All really good thoughts to consider. My initial thought on the scope is maybe based on a single use case where I want to see 2 Target (A4T) segments, control and test, and the breakdown of Device Type or New vs Returning visitors. In other words, we lay out the intended result very clearly and set it as a 'limitation' much like that of the anomaly report. It has a specific purpose but can be used in a building block. What made me rethink this was the fact that for Marketing Channel breakdown of the 2 or 3 segments could be as many as 10-12 different function calls.

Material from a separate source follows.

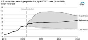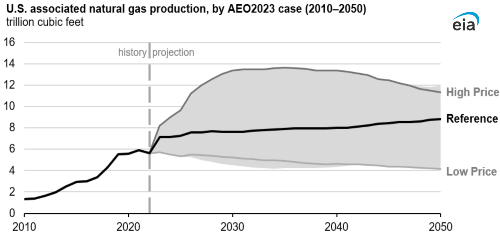 In our Annual Energy Outlook 2023 (AEO2023), natural gas production from oil formations, known as associated natural gas, grows across most cases through 2050, continuing a long-term trend. In the AEO2023 Reference case, we project that associated natural gas will account for approximately 20% of total U.S. natural gas production over that period, and we examined cases in AEO2023 where it makes up as much as 32% of production.

charlie-gallagher commented 2 years ago

Sorry, I'm not sure I understand why 2 or 3 segments would generate 10-12 function calls? I was thinking we would just call aw_freeform_table once for each segment via map.

lapply(my_segs,
  function(seg) aw_freeform_table(segmentId = seg, ...)
)

We might be able to squeeze more efficiency out of it by making some more optimized queries. The technique I used in aw_segment_table might be a start. But we would be talking about a potentially large effort, and since most people aren't comparing >10 segments usually, I don't think the benefits outweigh the costs.

But maybe I've misunderstood your point? Lemme know

benrwoodard commented 2 years ago

I think you are right on this one. Thanks for walking through that with me.